When a high reverse voltage causes a sudden and uncontrollable increase in current, the phenomenon is called avalanche breakdown.

• When n-type and p-type semiconductor materials are fused together, the junction formed is called a p-n junction.
• The device obtained by growing a p-type semiconductor over an n-type semiconductor or vice versa is called a p-n junction.

A p-n junction when provided with metallic connectors on each side is called a junction diode.

• The formation of a narrow region on either side of the junction which becomes free from mobile charge carriers is called depletion region.
• The small charge-free region formed near the junction where electrons combine with holes is known as the depletion region.

The difference in potential that prevents charge carriers from moving across the p-n junction is called the potential barrier.

The current flowing from p-side to n-side due to diffusion of electrons and holes because of concentration difference is called diffusion current.

The current flowing from n-side to p-side due to holes and electrons created in the depletion region is called drift current.

When a semiconducting material such as silicon or germanium is doped with a trivalent impurity on one side and pentavalent impurity on the other side, a p-n junction is obtained.

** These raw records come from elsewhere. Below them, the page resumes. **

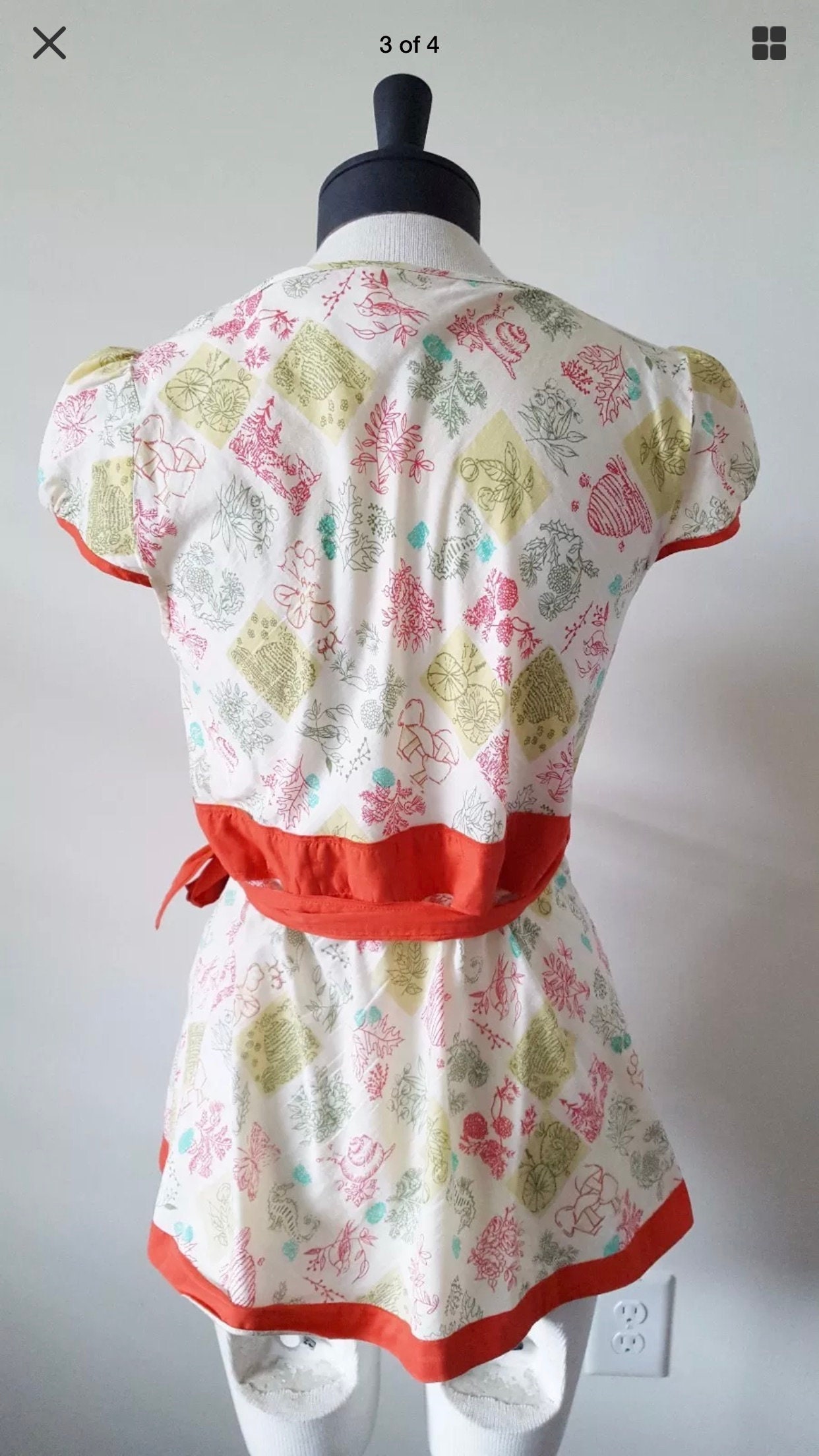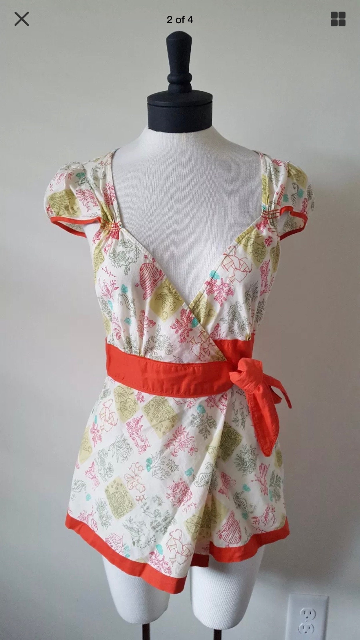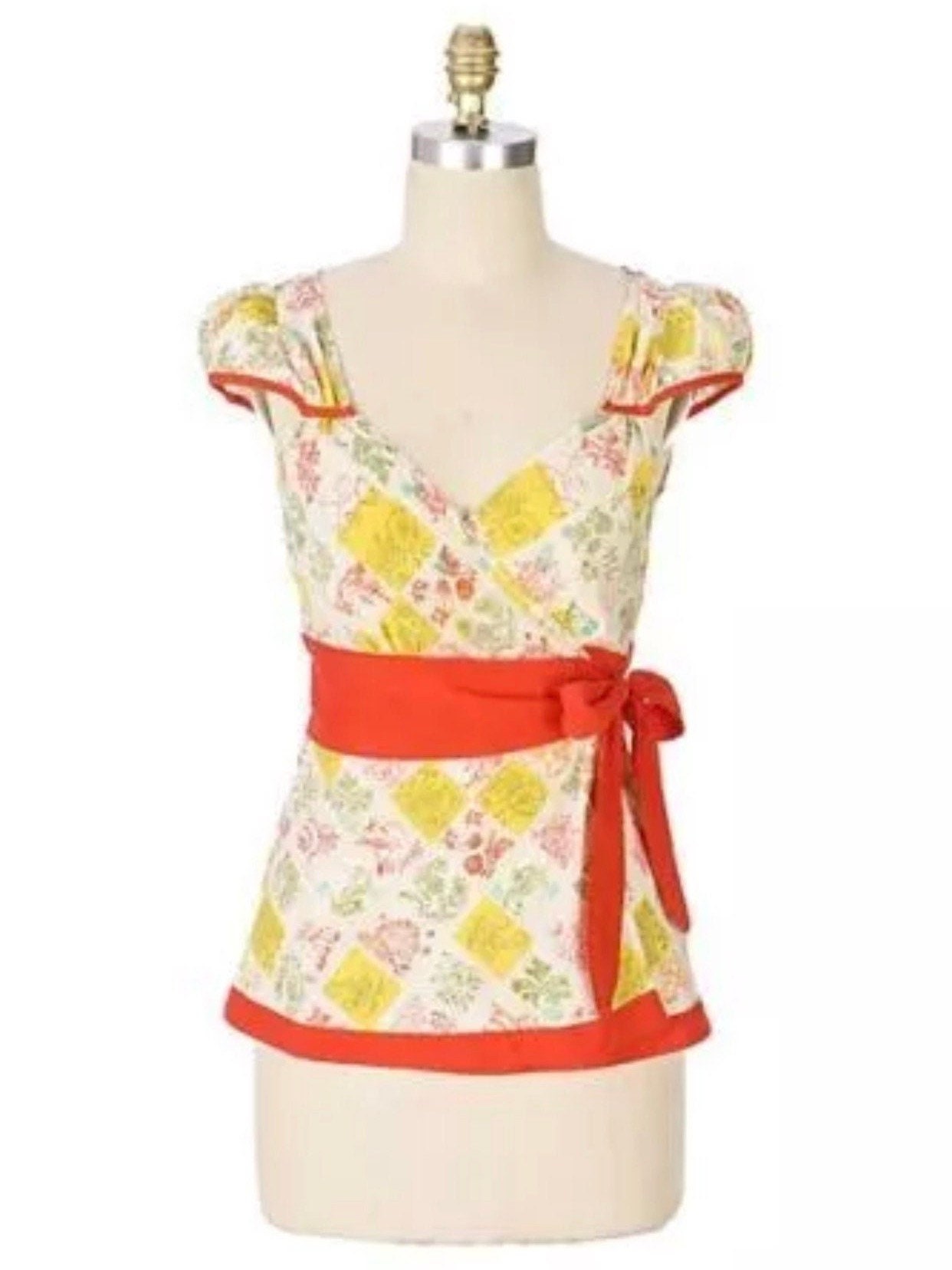 Vintage Anthropologie Cotton Smock Blouse named after Ogunquit Beach Maine, Capped Sleeves, Wrap Front Country Cottage Style Print Top- size medium - now rare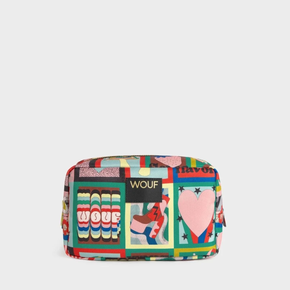 Kosmetyczka od marki Wouf z pojedynczą komorą zamykaną na zamek błyskawiczny. Wykonana z materiału w 100% pochodzącego z recyklingu, ma wodoodporne wykończenie. Nadruk został wykonany barwnikami certyfikowanymi Oeko-tex®. Produkt wykonany w Hiszpanii.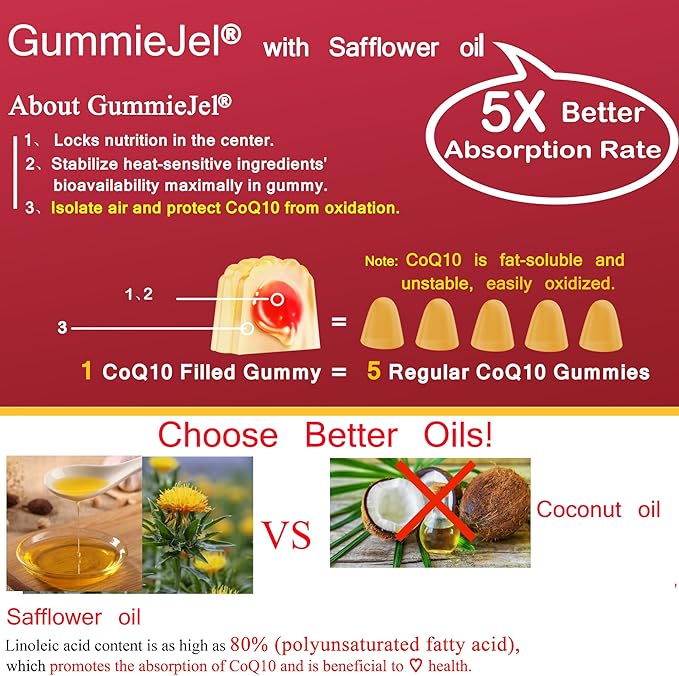 - Our CoQ10 gummies use advanced GummieJel filling technology.

The plane separating the two regions is called a junction.

The resistance offered by a p-n junction diode when it is in forward biased condition is called static (DC) resistance.

A semiconductor diode's depletion zone is the area surrounding the p-n junction where there are no mobile charge carriers, this area generates an electric field that allows the diode to conduct in one direction while blocking in another.

The barrier that the repelling forces use to stop the mobile charge carriers (at the PN junction) is known as the potential barrier.

This results from the concentration of immobile charges close to the junction after electrons and holes diffuse across the function.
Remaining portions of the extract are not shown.